A: London, England, United Kingdom
In November 1826 Henry Brougham and a large Committee of fellow educational reformers, many of them Whig or radical MPs and lawyers, founded the Society for the Diffusion of Useful Knowledge (SDUK) in order to educate the widest range of readers. The purpose of the SDUK was to exploit the new high speed printing technology, and the anticipated growth of railroads, to publish cheap, informative works, and distribute them widely and rapidly. The founders agreed that the Society's publications would avoid party politics and religion in order to avoid controversy and appeal to the widest audiences. Though the SDUK hoped to bring education to the lowest classes of society, and the growing middle class, they found that the primary market for their teaching and publications was the English middle class.

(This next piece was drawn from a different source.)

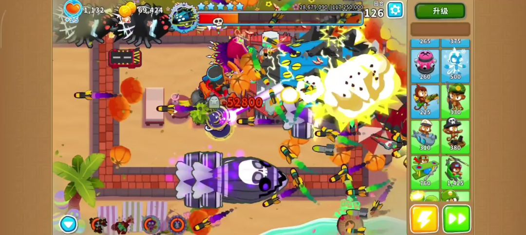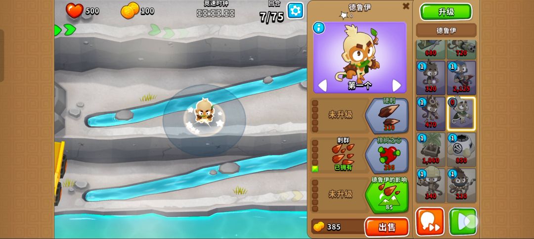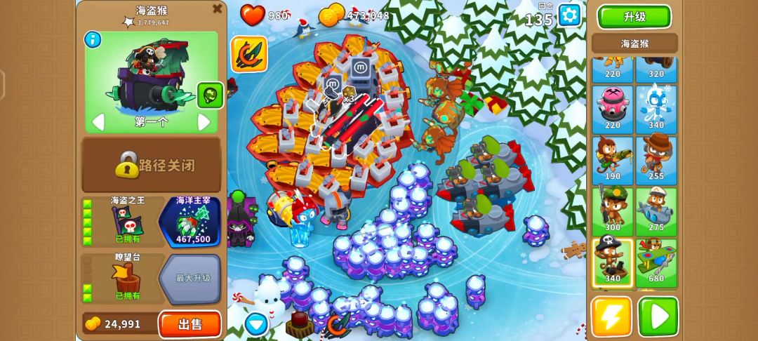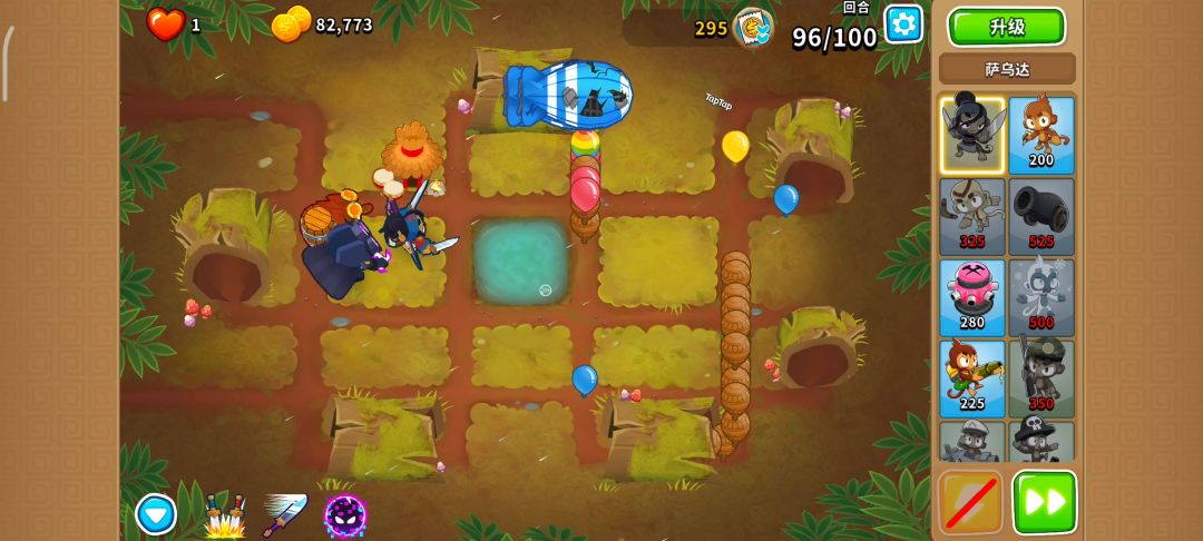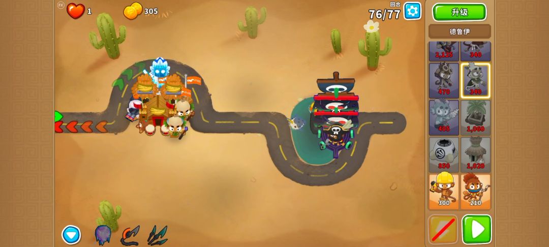 有一定难度(有点磨叽,但是能过) 开局000冰猴,下面2个002猴村,最下面的猴村402,230德鲁伊,052冰猴(攻击带全屏冰冻) 005海盗,400潜艇(海盗先出等cd) 76波开局气球走到最右面,放冰猴技能,用德鲁伊慢慢耗(003的德鲁伊藤蔓无视血量),看情况放冰猴技能 77波开始,卖冰猴,卖猴村,卖德鲁伊,出005胶水,有余钱出040海盗(海盗钩子技能无视血量)

1827 Brougham launched the SDUK's Library of Useful Knowledge with an introductory treatise promoting science: A Discourse of the Objects, Advantages, and Pleasures of Science, published in 1827 and reaching a sale of 42,000 by 1833. The pamphlet offered a brief survey of mathematics, natural philosophy, the solar system, electricity, and the workings of the steam engine. It was followed by a statement of the aims of the SDUK and its initial publishing program. The Society defined itself as follows:
"The object of the Society is strictly limited to what its title imports, namely, the imparting of useful information to all classes of the community, particularly to such as are unable to available themselves of experience teachers, or may prefer learning by themselves.
"The plan proposed for the attainment of this object, is the periodical publication of Treatises, under the direction and with the sanction of a superintending Committee.
"As numerous Societies already exist for the dissemination of Religious Instruction, and as it is the object of this Society to aid the progress of those branches of general knowledge which can be diffused among all classes of the community, no Treatise published with the sanction of the Committee shall contain any matter of Controversial Divinity, or interfere with the principles of revealed Religion."